While the S&P 500 and the Nasdaq closed modestly higher, the
Dow lost ground. The three major stock averages
headed into the U.S. holiday weekend having posted their second consecutive weekly advances.
The coronavirus,
now called Covid-19, has
taken 1,380 lives and infected 63,851 people, according to Chinese
authorities. In a recent Reuters survey
of 40 economists, the respondents see China’s economy in the current quarter suffering
its slowest growth
since the financial crisis, but believe the downturn will be short-lived if the outbreak is contained. “The true economic implications of the
coronavirus are still unknown,” Sroka said, adding “at the end of the day,
earnings matter more for the sustainability of stocks than near-term
headlines.”
Indeed, of the 387 companies in the S&P 500 having reported fourth-quarter
results, 77.4% have
surprised Wall Street expectations to the upside, according to Refinitiv
data. Analysts now see fourth-quarter earnings rising
at an annual pace of 2.6%, a striking reversal of the 0.3% decline seen
on Jan 1.
In economic news, lackluster retail sales and industrial production data appeared
to justify the U.S. Federal
Reserve’s wait-and-see stance regarding its accommodative monetary
policy, reiterated by Fed Chair Jerome Powell earlier this week in Washington.
The
Dow Jones Industrial Average .DJI fell 25.23 points, or 0.09%, to 29,398.08,
the S&P 500 .SPX gained 6.22 points, or 0.18%, to 3,380.16
and the Nasdaq Composite .IXIC added 19.21 points, or 0.2%, to 9,731.18. Seven
of the 11 major sectors in the S&P 500 closed in the black, with defensive
real estate .SPLRCR and utilities .SPLRCU stocks seeing the biggest gains. Energy shares .SPNY were the biggest losers.
NVIDIA Corp (NVDA.O)
jumped 7.0% after the chipmaker’s beat-and-raise earnings report, even as it
forecast a $100 million hit from the coronavirus.

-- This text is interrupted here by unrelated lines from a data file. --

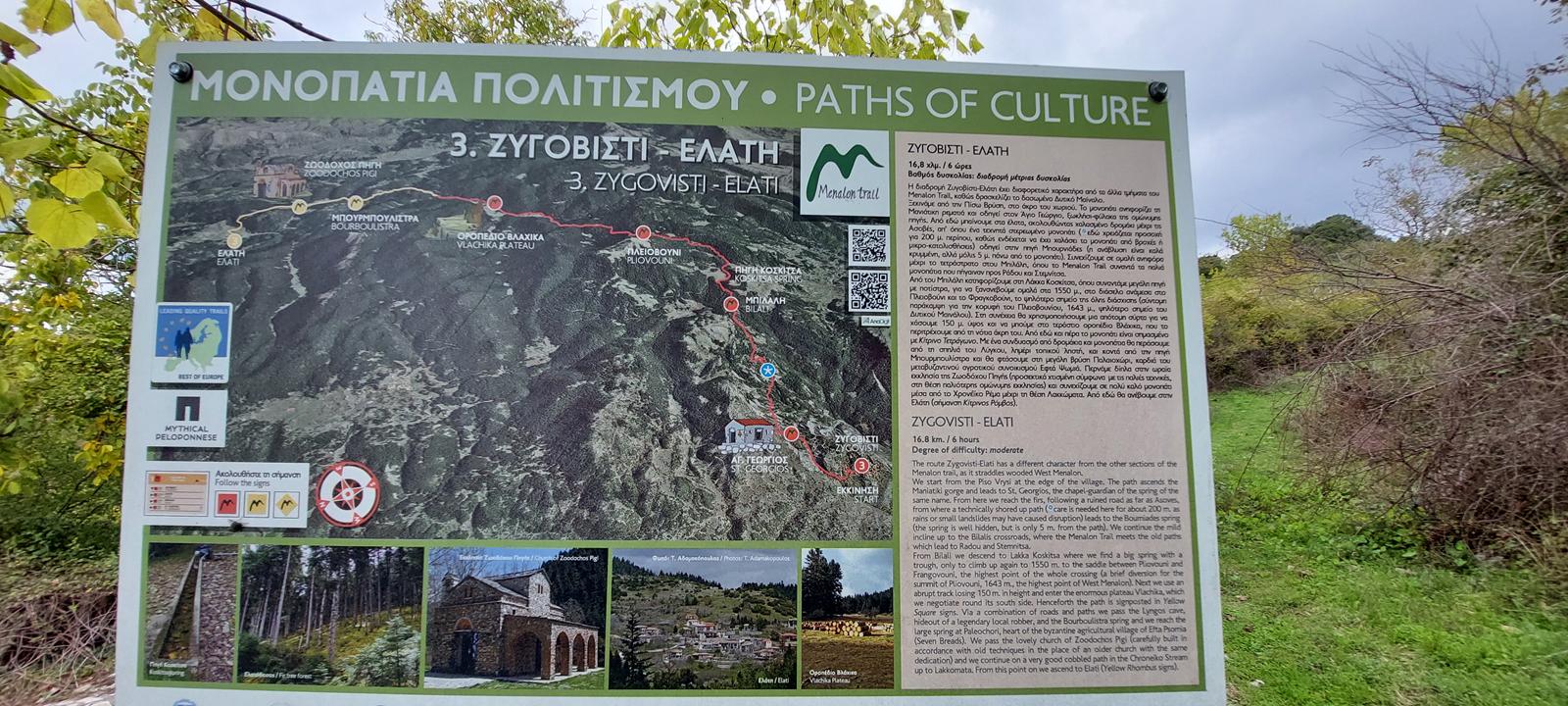 Πεζοπορούμε στις κατάφυτες πλαγιές του Μαινάλου και γνωρίζουμε δυο από τα ομορφότερα χωριά της Αρκαδίας. Το Ζυγοβίστι και το αρχοντοχώρι της Αρκαδίας, την Στεμνίτσα. Η διαδρομή μας αποτελεί τμήμα του διεθνώς αναγνωρισμένου και πιστοποιημένου Mainalon Trail και ξεκινά έξω από το χωριό Ζυγοβίστι για να καταλήξει μέσα στην Στεμνίτσα.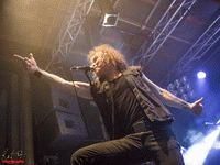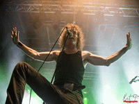 Le premier gros morceau de la soirée arrive. SANCTUARY, comprenant notamment les ex-Nevermore Warrel Dane et Jim Sheppard, débute fort avec le titre "Arise And Purify", single du dernier album "The Year The Sun Died", sorti en Octobre dernier. Le son n'est pas parfait, mais tendra à s'améliorer sensiblement durant le set. De gros pains surviennent au début du concert, faisant horriblement cracher les enceintes mais cela ne durera pas. Excellents guitaristes, Lenny Rutledge et Nick Cordle, membre live de luxe (aux mains monstrueusement rapides), nous en mettent plein les yeux et les oreilles, les soli véloces, mélodiques et passionnants tombent sur nous comme une pluie torrentielle ("Frozen"). Warrel Dane est très en voix ce soir. Ses lignes de chant, empreintes de théâtralité, sont toujours justes et puissantes. On sent qu'il ne se contente pas de chanter ses paroles, il les interprète également. Le concert est logiquement axé sur le petit dernier (5 chansons sur les 11 du set). Plus groovy et modernes, plus progressifs dans l'esprit (l'épique "The Year the Sun Die", très beau moment aux parties leads marquantes), ces morceaux démontent tout sur leur passage. L'interprétation y est sans faille. Mais SANCTUARY n'en n'oublie pas moins quelques classiques, dans une veine power / heavy metal old school, issus de ces deux premiers albums, dont "The Mirror Black", "Die For My Sins" et "Battle Angels". Côté négatif, on regrettera la trop grande nonchalance (voir le je-m'en-foutisme) de Warrel Dane, visiblement très peu impliqué et ne daignant même pas le cacher. Ses interventions entre les morceaux laissent transparaître dédain et suffisance ("De toute façon, vous ne comprenez pas ce que je dis car je parle anglais beaucoup trop vite pour vous..."). Un comportement irrespectueux envers les fans français présents ce soir qui voient sûrement le groupe pour la première fois. Pris de plusieurs quintes de toux entre certains titres, le blond vocaliste est sûrement malade, ce qui peut expliquer certaines choses. On lui laissera donc le bénéfice du doute. On pourrait reprocher aussi le côté "figuratif" de Sheppard et Rutledge, qui ne dégagent aucune passion (celui qui semble le plus s'amuser est Cordle, musicien intérimaire...). Encore une chose : la prochaine fois, il faudra dire à Dane, lorsqu'il hurle, de placer le micro devant la bouche et non devant le nez, s'il on veut capter la moitié des paroles et apprécier son chant. Ceci étant dit, on a assisté à un très bon concert, musicalement irréprochable. Un show d'une heure dont on n'a pas vu passer les minutes.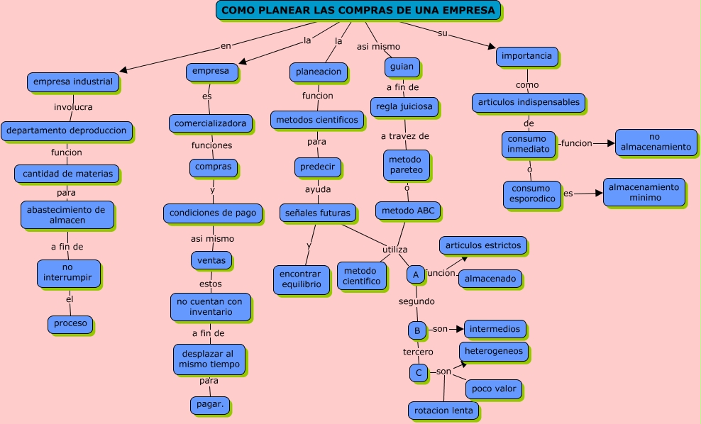 Este Cmap, tiene información relacionada con: 104 como planear las compras de una empresa, COMO PLANEAR LAS COMPRAS DE UNA EMPRESA la empresa, B tercero C, B son intermedios, señales futuras y encontrar equilibrio, condiciones de pago asi mismo ventas, COMO PLANEAR LAS COMPRAS DE UNA EMPRESA la planeacion, articulos indispensables de consumo inmediato, A segundo B, metodo ABC utiliza A, COMO PLANEAR LAS COMPRAS DE UNA EMPRESA asi mismo guian, consumo inmediato o consumo esporodico, importancia como articulos indispensables, metodo pareteo o metodo ABC, desplazar al mismo tiempo para pagar., señales futuras utiliza metodo cientifico, empresa es comercializadora, abastecimiento de almacen a fin de no interrumpir, departamento deproduccion funcion cantidad de materias, ventas estos no cuentan con inventario, COMO PLANEAR LAS COMPRAS DE UNA EMPRESA su importancia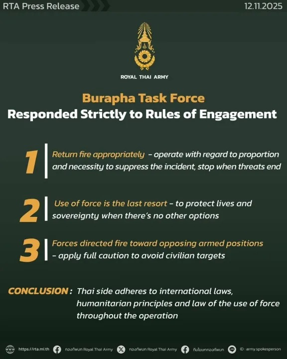 11月12日21点21分,泰国陆军东部部队就沙缴府泰柬边境的局势发布声明称,泰方全程在国际准则框架下行动,坚持人道主义与国际交战规则,具体包括:

Online travel services platform Expedia Inc (EXPE.O)
surged 11.0% after the online travel services company forecast strong quarterly
core earnings despite uncertainties surrounding the Covid-19 virus. EBay Inc (EBAY.O)
gained 2.6% after providing better-than-expected current-quarter profit
guidance.
Advancing issues outnumbered declining ones on the NYSE by a
1.11-to-1 ratio; on Nasdaq, a 1.24-to-1 ratio favored decliners. The S&P 500 posted 74 new 52-week highs
and five new lows; the Nasdaq Composite recorded 130 new highs and 60 new lows.
Volume on U.S. exchanges
was 6.60 billion shares,
compared with the 7.62 billion average over the last 20 trading days.